Since the 1990s, rich economies, primarily the U.S., Western Europe, and Japan, have established a multitude of bilateral free trade agreements. They have encouraged (or pushed, depending on your perspective) other countries to sign up to multilateral agreements, such as the WTO. Meanwhile, European countries have engaged in one of the most ambitious multinational and intercultural integration projects in history, strengthening the economic union between the founding economies and integrating the countries of Eastern Europe immediately after they emerged from communism. They also introduced a common currency, the Euro, which was quickly adopted by all of the major European economies but the UK. Advances in the information and telecommunications industry, notably the diffusion of Internet connectivity and the associated advantages, have opened up new frontiers for business by lowering the cost and time needed to transmit information, including virtual money, across organizational and spatial borders. It seemed for a time that political and technological barriers to trade and economic growth were being broken down and a new era of peace and prosperity had arrived.

U.S. policy makers, unexpectedly freed of the USSR, their political, ideological, and military counter-ego, began to set ever more optimistic and ambitious objectives. Western European policy makers also rode the wave of optimism—they committed to integrating countries that had just come out of several decades of authoritarian government and centralized economic planning. The European Union, it was envisaged, would become a giant, multinational, multiethnic, multi-religious federal entity. The Euro was pushed through, despite the diversity of economic structures and the lack of agreement over fiscal policy, exit mechanisms, and ways to ensure rules compliances by member countries—the thinking at the time was that surely confronted by such an ambitious and ideal project, local politics would certainly converge and act for the common good.

Meanwhile, Japan, the poster child of development economists, a country that had become the envy of the West and the benchmark for all Asian countries, entered into a period of crisis and economic stagnation that has already lasted over 20 years. Because Japan’s achievements had been outstanding, growth was expected to return, but, mysteriously, it did not. On the contrary, it was Japan’s economic malaise that spread to the U.S. and Europe. Japan was the first developed economy to stall. While Japan stagnated, other economies in Asia, ranging from South Korea to Thailand and Malaysia, continued to grow at a very fast pace up to 1999, when speculation and a stock market boom turned into a widespread regional crisis. Unlike Japan, these countries rebounded fast, diversifying their productive structure and attracting more foreign investment, though in a more controlled and pragmatic manner than in the pre-1999 years. During that same period, China provided the most dramatic example of economic transformation since the development of the U.S.—it went through over 20 years of continuous economic growth, developing its infrastructure, generating one of the world’s largest markets, creating export-intensive and low-cost manufacturing, and pulling hundreds of millions out of poverty.

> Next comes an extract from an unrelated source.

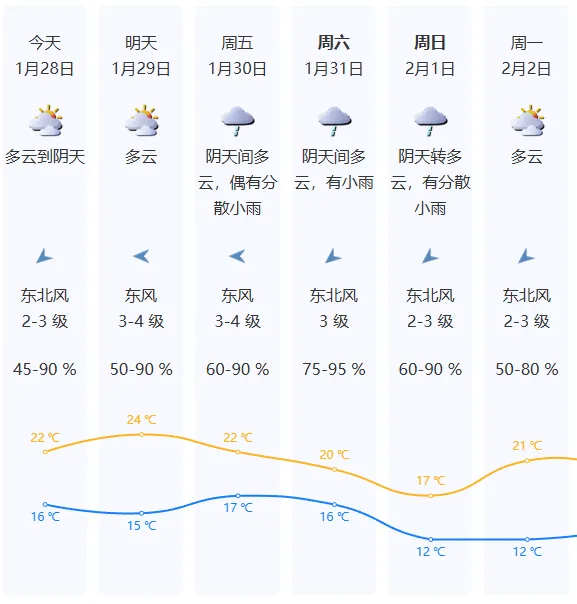 1月30日阴天有小雨,日温差减小,东部沿海最大阵风7级;

Asia, the most populous and fastest-growing region of the world since the 1970s, anticipated the changes that were to occur at the global level (Hobday, 2003). Japan, the region’s most developed and advanced economy, an inspiration for policy makers and management gurus alike, stood still while its poorer neighbors raced ahead. During the 1990–2010 period, China, India, Brazil, Turkey, Vietnam, Thailand, Indonesia, Mexico, Colombia, Ghana, Uganda, and Poland, among others, entered into a long period of sustained economic growth, which, despite temporary crises, transformed their economic and social structures, as well as their weight in the world economy. Remarkably, up to 2008–2009, the economic and political elites of the Triad did not take much notice of this dramatic structural change. Throughout most of the 1990s and 2000s, the Japanese stagnation was discussed mainly as an aberration, not as a warning sign. Policy makers in the U.S. and Europe were too preoccupied with liberalizing finance and providing access to cheap credit to sustain domestic consumption. Statistics seemed to justify these policies—inflation was low, GDP growth was positive, and productivity was improving. Real estate and finance booms especially benefited the rich but also provided funds for charities and governments, ensuring that the model was scarcely criticized or even discussed.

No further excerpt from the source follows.